Let's generate 200 random points and add a drift term to it:

In [47]:
num = 200
t = np.linspace(-0.05, .2, num) #drift
x = t + np.random.normal(size=num)/20.
df = pd.DataFrame({'Date':pd.date_range(end='1/31/2018', periods = num, freq='M'), 'Value':x})

Let's see some descriptive statistics that summarize the central tendency, dispersion and shape of our dataset:

In [48]:
df.describe()

Unnamed: 0,Value
count,200.0
mean,0.070807
std,0.082884
min,-0.1181
25%,0.012035
50%,0.064337
75%,0.129345
max,0.266385


Let's also plot our dataset:

In [49]:
data = [go.Scatter(x=df.Date, y=df.Value, name='Returns data')]
layout = go.Layout(
    title='Returns data',
    xaxis=dict(title='Date'),
    yaxis=dict(title='Return', tickformat='.0%')
)

In [50]:
fig = go.Figure(data=data, layout=layout)
py.iplot(fig)

# Adding Outliers<a class="anchor" id="add_outliers"></a>

[Back to Table of Contents](#toc)

Our dataset is generated using Gaussian distribution and does not seem to have many outliers. We can modify the dataset and add some ourliers to it:

In [51]:
def create_outliers(df, interval, value_col, min_intensity ,max_intensity):
    df = df.copy()
    df['Outlier'] = False
    df['Intensity'] = None
    idx = 0
    for jdx in range(interval, df.shape[0]+1, interval):
        if jdx >= df.shape[0]:
            break
        curr_max_idx = df.iloc[idx:jdx][value_col].idxmax()
        curr_min_idx = df.iloc[idx:jdx][value_col].idxmin()
        intensity = np.random.uniform(0., max_intensity)
        df.loc[curr_max_idx, value_col] = intensity + df.loc[curr_max_idx, value_col]
        df.loc[curr_max_idx, 'Outlier'] = True
        df.loc[curr_max_idx, 'Intensity'] = intensity
        
        intensity = np.random.uniform(min_intensity, 0)
        df.loc[curr_min_idx, value_col] = intensity + df.loc[curr_min_idx, value_col]
        df.loc[curr_min_idx, 'Outlier'] = True
        df.loc[curr_min_idx, 'Intensity'] = intensity
        idx = jdx
    return df

In [52]:
interval = 36
value_col = 'Value'
min_intensity = -.1
max_intensity = .5
df_w_outliers = create_outliers(df, interval, value_col, min_intensity, max_intensity)

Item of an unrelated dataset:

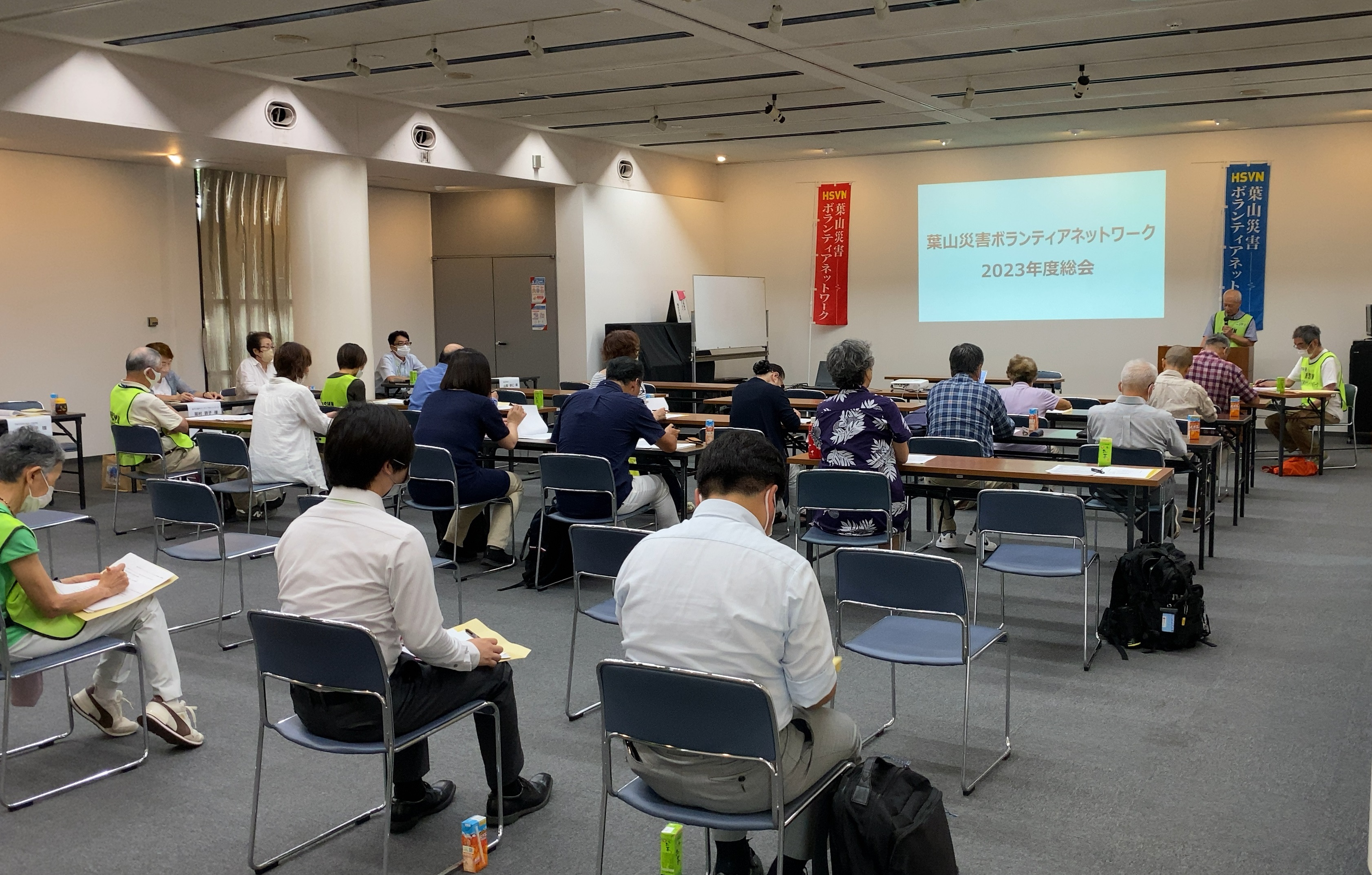 HSVN2023年度総会は6月18日福祉文化会館大会議室にて出席者20名、委任状提出者21名によって行われ、全ての議案が賛成多数をもって可決されました。皆様のご協力に感謝します。総会には町長、社協局長をはじめ町内防災団体、他地域災害ボラネットなど7団体12名の方々にもご臨席いただき、昨年度活動報告・今年度活動計画についての説明を見守っていただきました。

Let's see the summary of statisctics of our new dataset:

In [53]:
df_w_outliers.describe()

Unnamed: 0,Value
count,200.0
mean,0.078941
std,0.109198
min,-0.15427
25%,0.012035
50%,0.065527
75%,0.131512
max,0.640521


In [54]:
print 'The mean of the dataset has changed by {mean:.2} but the median has only changed by {median:.2}'.format(
    mean=abs(df_w_outliers.Value.mean()-df.Value.mean()),
    median=abs(df_w_outliers.Value.median()-df.Value.median()))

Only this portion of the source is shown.